→ Task item
Leave every image out, and print the remaining lines below exactly.

[Extracted data]

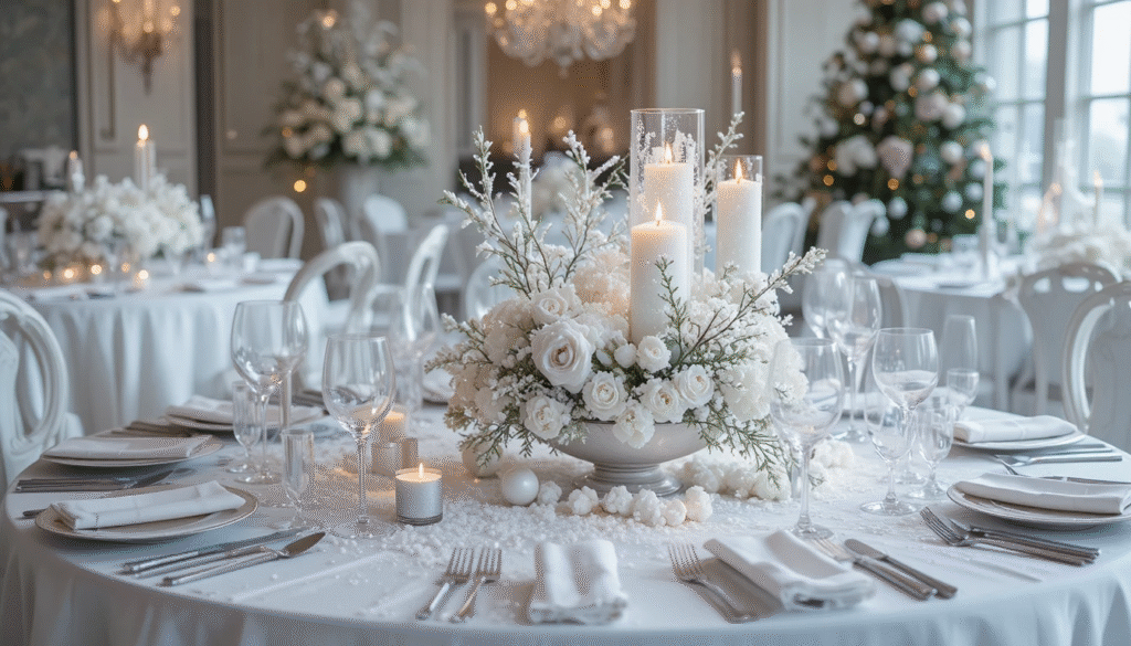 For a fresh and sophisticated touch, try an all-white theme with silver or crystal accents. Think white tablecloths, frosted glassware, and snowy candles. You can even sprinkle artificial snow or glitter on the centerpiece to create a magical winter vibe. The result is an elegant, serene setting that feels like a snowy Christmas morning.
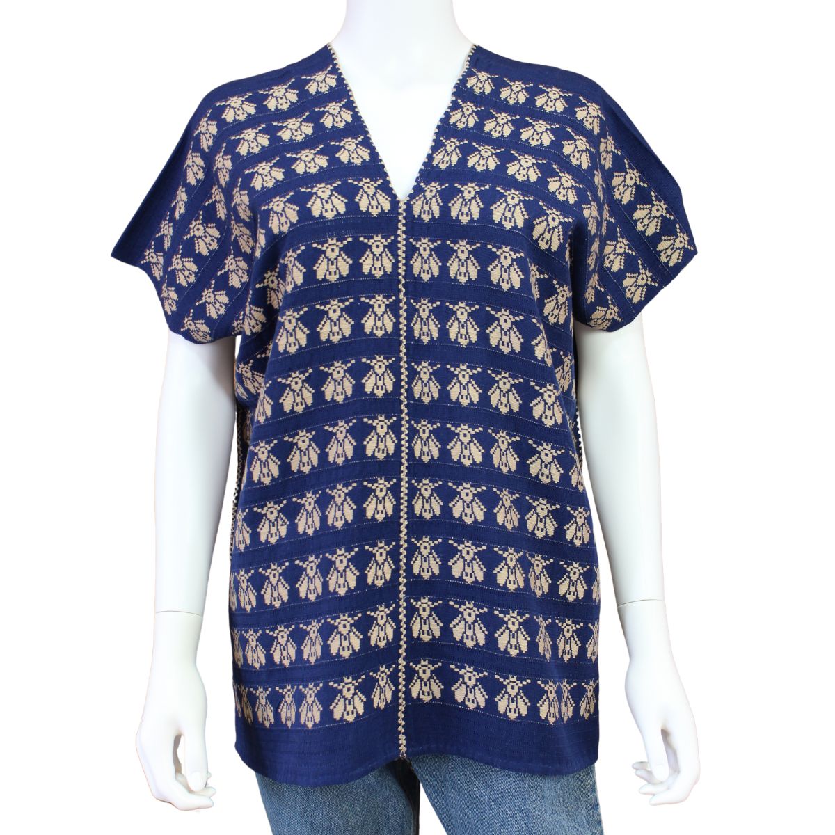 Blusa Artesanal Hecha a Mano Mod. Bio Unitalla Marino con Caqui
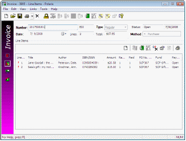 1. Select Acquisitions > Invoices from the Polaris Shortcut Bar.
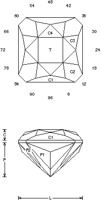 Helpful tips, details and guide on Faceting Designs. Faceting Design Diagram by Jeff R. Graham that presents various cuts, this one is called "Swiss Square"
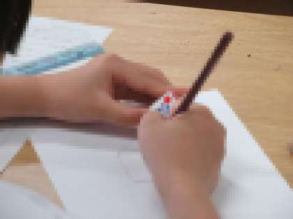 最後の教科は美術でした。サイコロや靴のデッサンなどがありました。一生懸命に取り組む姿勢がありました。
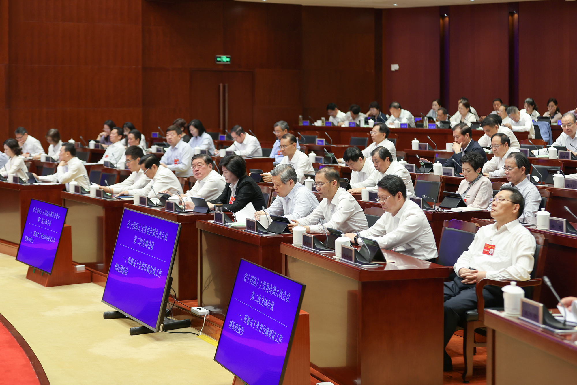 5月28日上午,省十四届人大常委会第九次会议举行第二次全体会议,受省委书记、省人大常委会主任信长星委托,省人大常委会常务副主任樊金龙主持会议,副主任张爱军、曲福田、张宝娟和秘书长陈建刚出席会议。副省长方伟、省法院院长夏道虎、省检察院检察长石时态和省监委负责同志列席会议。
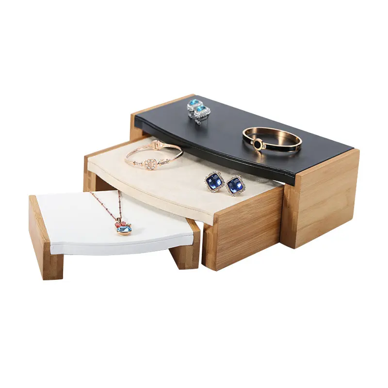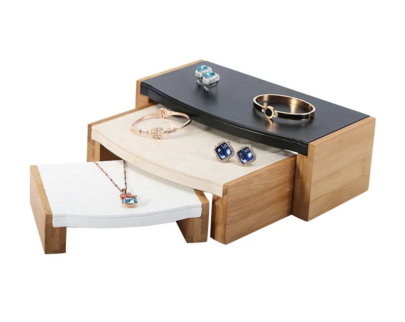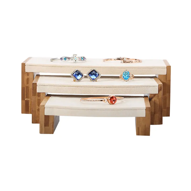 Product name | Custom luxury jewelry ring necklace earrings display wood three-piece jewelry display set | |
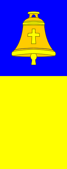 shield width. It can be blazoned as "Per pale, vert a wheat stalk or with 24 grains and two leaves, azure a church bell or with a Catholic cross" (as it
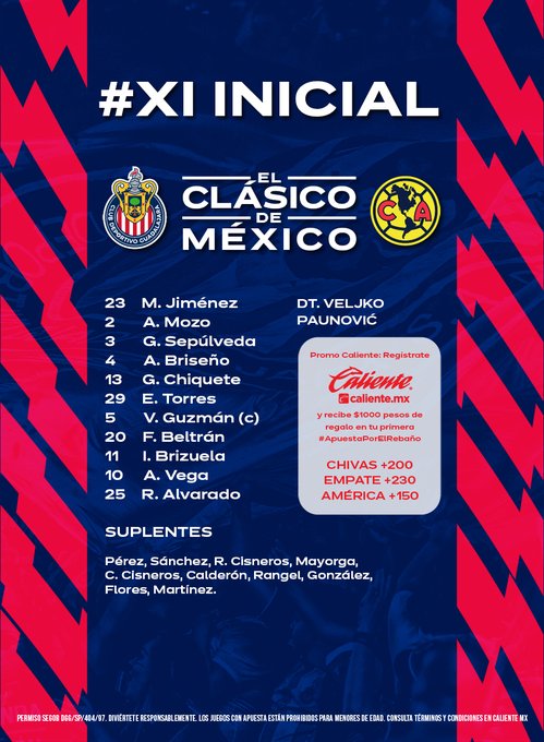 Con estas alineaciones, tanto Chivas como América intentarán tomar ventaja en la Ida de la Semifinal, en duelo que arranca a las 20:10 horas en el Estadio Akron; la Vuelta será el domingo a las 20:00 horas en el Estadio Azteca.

[/Extracted data]

→ Task result
 For a fresh and sophisticated touch, try an all-white theme with silver or crystal accents. Think white tablecloths, frosted glassware, and snowy candles. You can even sprinkle artificial snow or glitter on the centerpiece to create a magical winter vibe. The result is an elegant, serene setting that feels like a snowy Christmas morning.
 Blusa Artesanal Hecha a Mano Mod. Bio Unitalla Marino con Caqui
 1. Select Acquisitions > Invoices from the Polaris Shortcut Bar.
 Helpful tips, details and guide on Faceting Designs. Faceting Design Diagram by Jeff R. Graham that presents various cuts, this one is called "Swiss Square"
 最後の教科は美術でした。サイコロや靴のデッサンなどがありました。一生懸命に取り組む姿勢がありました。
 5月28日上午,省十四届人大常委会第九次会议举行第二次全体会议,受省委书记、省人大常委会主任信长星委托,省人大常委会常务副主任樊金龙主持会议,副主任张爱军、曲福田、张宝娟和秘书长陈建刚出席会议。副省长方伟、省法院院长夏道虎、省检察院检察长石时态和省监委负责同志列席会议。
 Product name | Custom luxury jewelry ring necklace earrings display wood three-piece jewelry display set | |
 shield width. It can be blazoned as "Per pale, vert a wheat stalk or with 24 grains and two leaves, azure a church bell or with a Catholic cross" (as it
 Con estas alineaciones, tanto Chivas como América intentarán tomar ventaja en la Ida de la Semifinal, en duelo que arranca a las 20:10 horas en el Estadio Akron; la Vuelta será el domingo a las 20:00 horas en el Estadio Azteca.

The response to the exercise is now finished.